* **What is needed**: Extract exactly the lines from the top of the records through the line containing "5年生 音楽 リズムアンサンブル発表会", and keep pictures out of the copy.

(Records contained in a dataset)
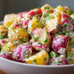 A refreshing twist on classic potato salad made with Greek yogurt, mayo, fresh dill, and tender baby potatoes. Creamy, tangy, and perfect for any summer table.
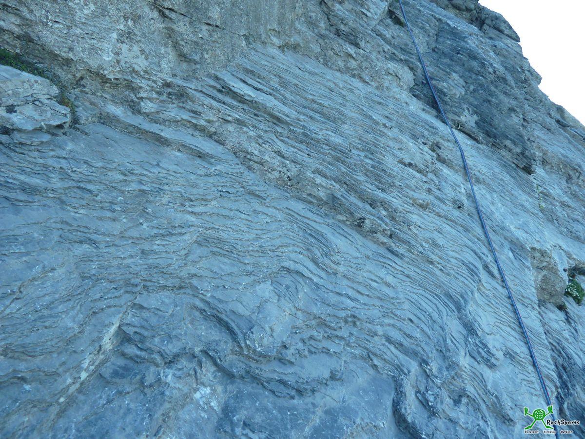 - Felsqualität: In den schweren Passagen (bis auf die eigentliche Schlüsselstelle) fester kompakter Fels. In der fast zwingend technisch zu kletternden Schlüsselstelle furchtbar brüchig (gut nur das man da eh den Fels nicht allzu viel berührt und nur hofft das die Haken halten).Auf den Terrassen teils unangenehme, geröllbedeckte und abwärtsgeschichtete Platten. Dazwischen immer wieder absicherungsfeindliches Bruch- und Scheißgelände diverser Kategorien insbesondere vor den Ausstiegskaminen.
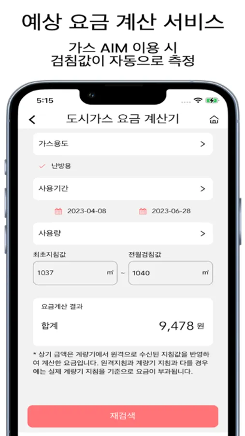현재까지의 가스 사용량 및 예상 사용 요금을 조회하세요.
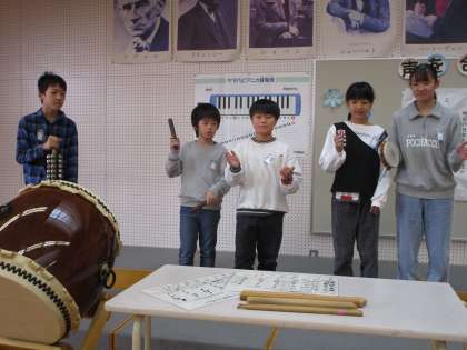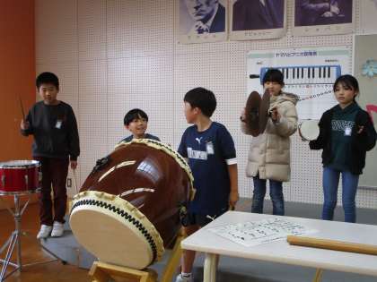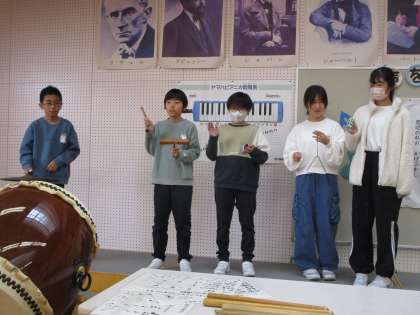 5年生 音楽 リズムアンサンブル発表会 公開日 2024/11/21 更新日 2024/11/21 5年生 今日の音楽の時間に、リズムアンサンブルの発表会を行いました。各グループでテーマを決め、それに合った楽器やリズムを考えて演奏しました。楽器の音色の重なりがとてもきれいでした。
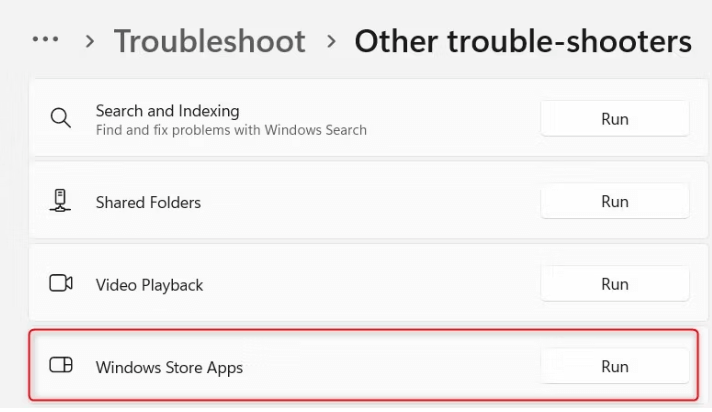 Steg 4:Leta nu efter Windows Store Apps felsökare och klicka sedan på KÖR-knappen.
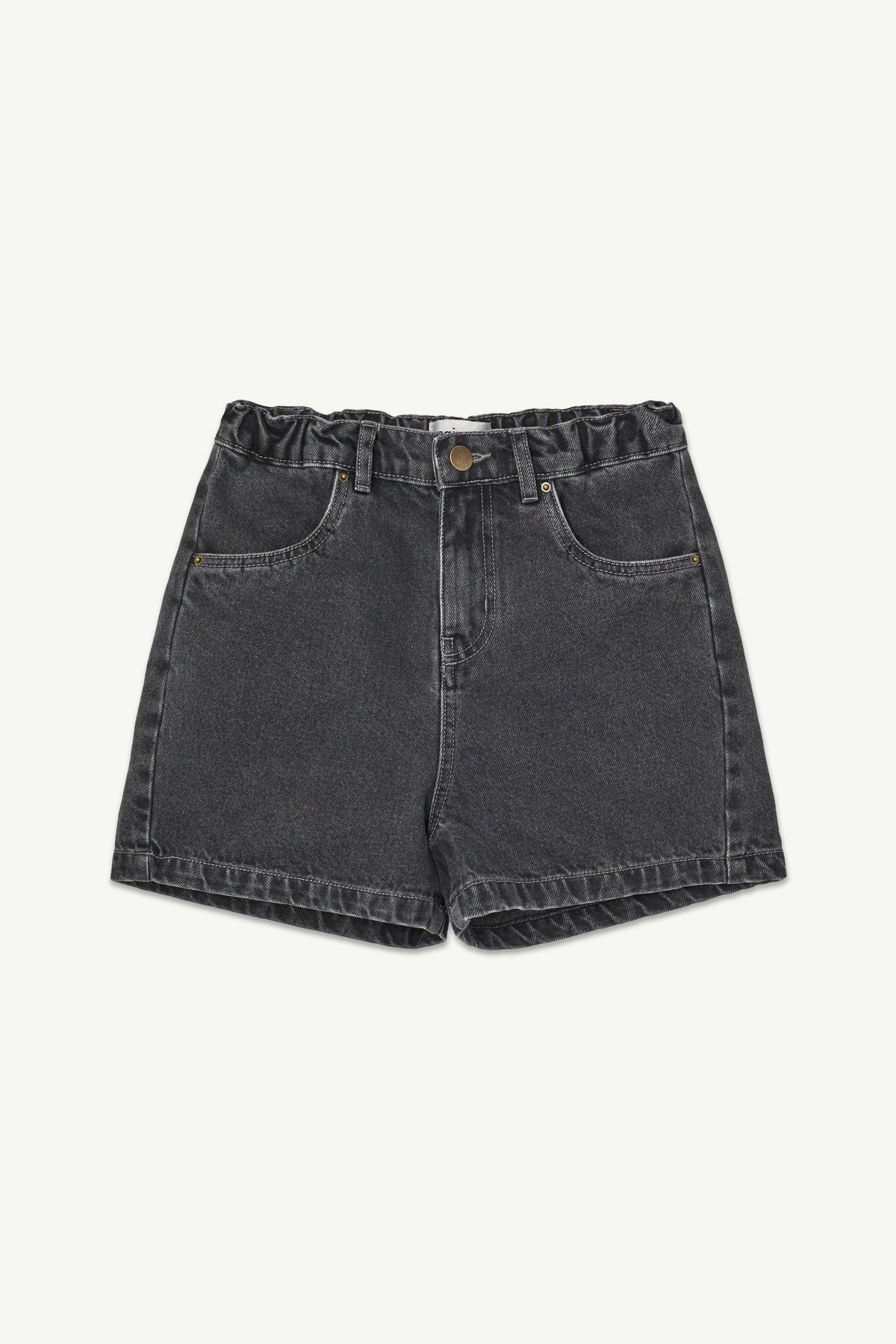 Our staple Denim Shorts in faded black denim, made for kids' boundless energy. Cut from organic cotton denim, with an internal adjustment elasticated waist and a loose fit, they are a perfect addition to any summer wardrobe.

* **Exercise solution**:
 A refreshing twist on classic potato salad made with Greek yogurt, mayo, fresh dill, and tender baby potatoes. Creamy, tangy, and perfect for any summer table.
 - Felsqualität: In den schweren Passagen (bis auf die eigentliche Schlüsselstelle) fester kompakter Fels. In der fast zwingend technisch zu kletternden Schlüsselstelle furchtbar brüchig (gut nur das man da eh den Fels nicht allzu viel berührt und nur hofft das die Haken halten).Auf den Terrassen teils unangenehme, geröllbedeckte und abwärtsgeschichtete Platten. Dazwischen immer wieder absicherungsfeindliches Bruch- und Scheißgelände diverser Kategorien insbesondere vor den Ausstiegskaminen.
현재까지의 가스 사용량 및 예상 사용 요금을 조회하세요.
 5年生 音楽 リズムアンサンブル発表会 公開日 2024/11/21 更新日 2024/11/21 5年生 今日の音楽の時間に、リズムアンサンブルの発表会を行いました。各グループでテーマを決め、それに合った楽器やリズムを考えて演奏しました。楽器の音色の重なりがとてもきれいでした。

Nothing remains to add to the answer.